Data items:
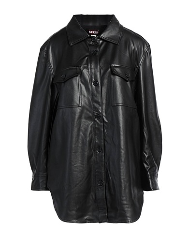 GUESS Solid color shirts & blouses ORIGINALS NERO 96% Rayon, 4% Elastane, Polyurethane coated
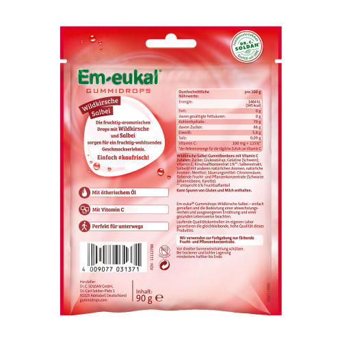 Em-eukal Gummidrops Wildkirsche-Salbei einfach genießen und die Bedeutung einer abwechslungsreichen und ausgewogenen Ernährung und einer gesunden Lebensweise beachten.
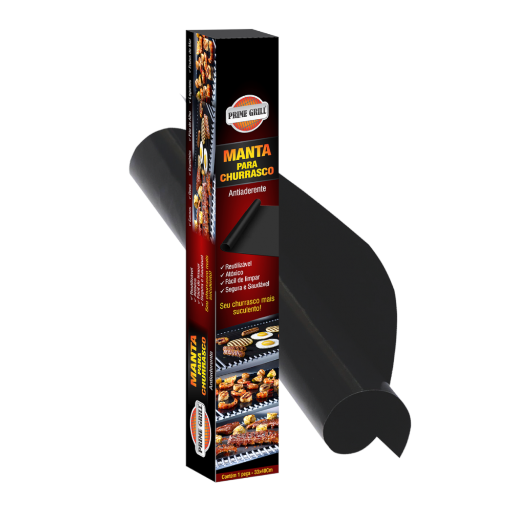 A Manta para Churrasco Prime Grill funciona como uma chapa, pois resiste a temperatura ate´ 260 graus. Pode ser colocada diretamente sobre a grelha de churrasqueiras e em apenas alguns segundos estara´ aquecida e pronta para grelhar os mais diversos tipos de alimentos. A Manta para Churrasco Prime Grill também pode ser utilizada em formas, assadeiras, panelas e ate´ sobre chapas de metal para adquirir uma protec¸a~o antiaderente. Ela e´ leve e malea´vel, pode ser armazenada enrolada otimizando espac¸o entre os acesso´rios de sua cozinha e churrasqueira.
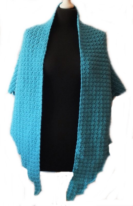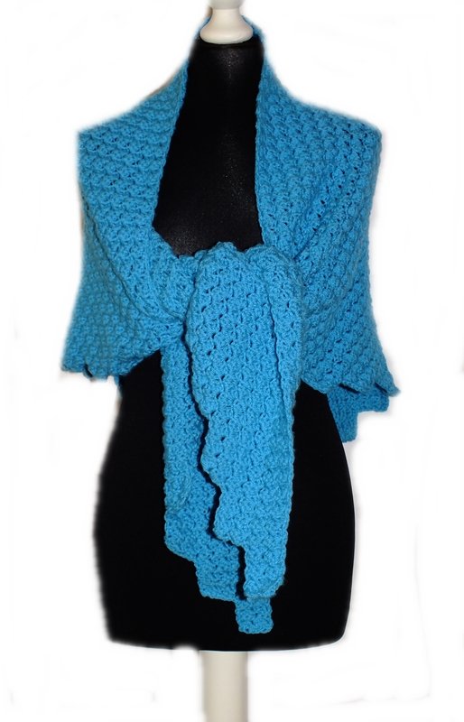 Das Modell auf dem Foto wurde mit Polyacrylgarn mit einer Lauflänge von 133m/50g gehäkelt und ist somit ein recht dickes und schweres Tuch geworden. In der Anleitung ist aber zusätzlich noch beschrieben, wie das Tuch mit Lacegarn mit einer Lauflänge von 350m/50g gehäkelt werden kann, falls Sie lieber ein ganz leichtes Tuch häkeln möchten.
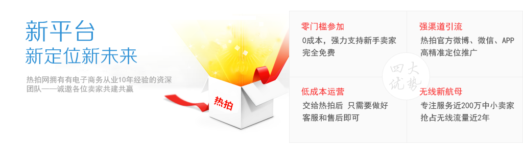 熱拍網(wǎng)是新興的淘寶賣家服務(wù)平臺,致力于滿足淘寶賣家店鋪運營的需要。擁有有電子商務(wù)從業(yè)10年經(jīng)驗的資深團隊,每日精選數(shù)百款超值低價折扣產(chǎn)品推薦

• TASK DETAILS
Output the records verbatim, every one of them, and keep the pictures out.

• ANSWER TO THIS PROBLEM
 GUESS Solid color shirts & blouses ORIGINALS NERO 96% Rayon, 4% Elastane, Polyurethane coated
 Em-eukal Gummidrops Wildkirsche-Salbei einfach genießen und die Bedeutung einer abwechslungsreichen und ausgewogenen Ernährung und einer gesunden Lebensweise beachten.
 A Manta para Churrasco Prime Grill funciona como uma chapa, pois resiste a temperatura ate´ 260 graus. Pode ser colocada diretamente sobre a grelha de churrasqueiras e em apenas alguns segundos estara´ aquecida e pronta para grelhar os mais diversos tipos de alimentos. A Manta para Churrasco Prime Grill também pode ser utilizada em formas, assadeiras, panelas e ate´ sobre chapas de metal para adquirir uma protec¸a~o antiaderente. Ela e´ leve e malea´vel, pode ser armazenada enrolada otimizando espac¸o entre os acesso´rios de sua cozinha e churrasqueira.
 Das Modell auf dem Foto wurde mit Polyacrylgarn mit einer Lauflänge von 133m/50g gehäkelt und ist somit ein recht dickes und schweres Tuch geworden. In der Anleitung ist aber zusätzlich noch beschrieben, wie das Tuch mit Lacegarn mit einer Lauflänge von 350m/50g gehäkelt werden kann, falls Sie lieber ein ganz leichtes Tuch häkeln möchten.
 熱拍網(wǎng)是新興的淘寶賣家服務(wù)平臺,致力于滿足淘寶賣家店鋪運營的需要。擁有有電子商務(wù)從業(yè)10年經(jīng)驗的資深團隊,每日精選數(shù)百款超值低價折扣產(chǎn)品推薦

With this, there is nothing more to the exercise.